Es gibt einen alten Maklertrick und der geht so: Wer ein Familienheim verkaufen will, backe vor dem Besichtigungstermin ein Blech frische Plätzchen. Kein Duft weckt beim Kunden eine stärkere Assoziation von Zuhause, Kindheit und Behaglichkeit wie ofenfrische Backware. Weil dieses olfaktorische Argument ein so effektiver Kaufimpulsverstärker ist, gibt es den Duft sogar als Raumspray. Für Experten des sensorischen Marketings ist das keine Überraschung. Für sie ist Marketingkommunikation ohne die Einbeziehung verschiedener Sinnesorgane wie Hören, Sehen, Fühlen oder Riechen eine Art „Kaspar-Hauserisierung“ des Kunden, also eine grobe Beschneidung seiner sinnlichen Markenwahrnehmung.
Warum aber ist das so ausschlaggebend? Wissenschaftler schätzen, dass wir bis zu 95 % unserer Entscheidungen unterbewusst treffen. Das Unterbewusstsein ist es, das dem Verstand Argumente zur Rechtfertigung einer Kaufentscheidung gibt. Die rationale Pro- und Contraliste zum Neuwagenkauf kann erheblich durch das Fühl- und Riecherlebnis bei der Probefahrt ins Wanken geraten. Multisensorisches Marketing macht sich das Wissen um die Funktionsweise unserer inneren Schaltzentrale zunutze und übermittelt seine Botschaften daher gezielt an mehrere Sinne gleichzeitig. In Zeiten von Reizüberflutung und Produktschwemme genießen multisensorisch beworbene Marken eine höhere Aufmerksamkeit, weil sie sich effektiver, nachhaltiger und emotionaler differenzieren. Im besten Falle schaffen sie das entlang der gesamten Customer Journey, jenem Weg, den der Kunde in seiner Konsumbiografie durchläuft und auf dem er in Berührung mit Marken- und Produktwelten kommt. Wundert es da, dass der größte produzierende Konzern der Welt eigens eine interne Abteilung mit dem Namen „multisense“ eingerichtet hat?

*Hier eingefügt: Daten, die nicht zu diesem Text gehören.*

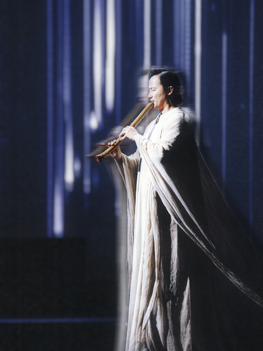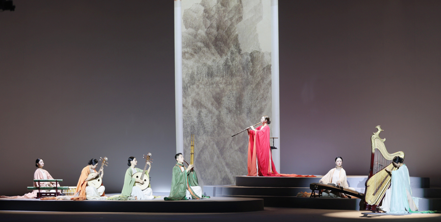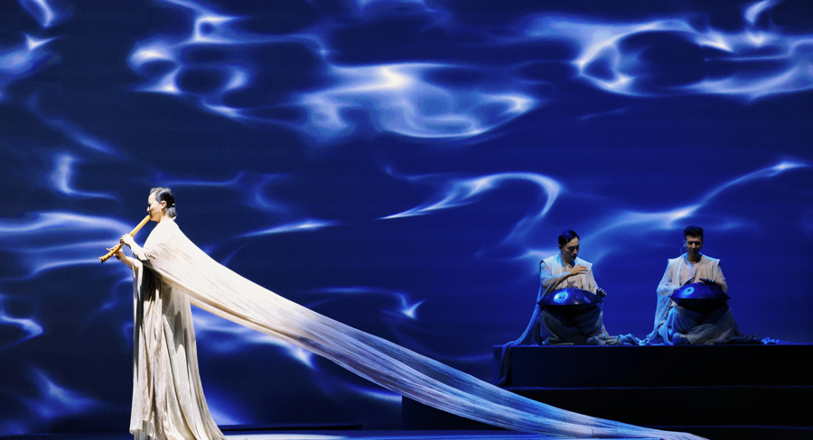 开场曲《汲古》以距今九千年的骨笛开场,这件有据可考的最古老的吹管乐器,以悠远拙朴的声线,破除混沌的开端,仿佛回到人类文明的黎明之时、初心之际。接着,篪、箫、笛等传统吹管乐器次第登场,让“天地玄黄,宇宙洪荒”可听、可见。《水行》则巧妙地融合了古老的尺八与现代手碟,诠释“上善若水”的东方哲学。《火舞》则集结多国打击乐器,跨越文化藩篱,共同奏响生命之火的炽热与永恒……古筝独奏《墨戏》中,古筝如挥毫泼墨,舞者似灵动笔锋,王羲之《兰亭序》的巨幅书法投影缓缓铺陈,三者共同构建起“仰观宇宙之大,俯察品类之盛”的格局。

Und noch etwas anderes wiegt schwer. In der digitalen Gegenwart wächst das Bedürfnis nach sinnlichem Erleben. Das digitale Produktbild beim Online-Shopping ersetzt nicht das Berühren und Riechen an der Kaffeepackung, eine Skype-Session nicht die Umarmung mit dem besten Freund. Das Ergebnis: Print als haptische Kommunikationsform, ob als Verpackung oder persönliches Anschreiben, wird zum High-Touch-Moment in der strategischen Kommunikation. Fragen Sie mal Ihre Fingerspitzen!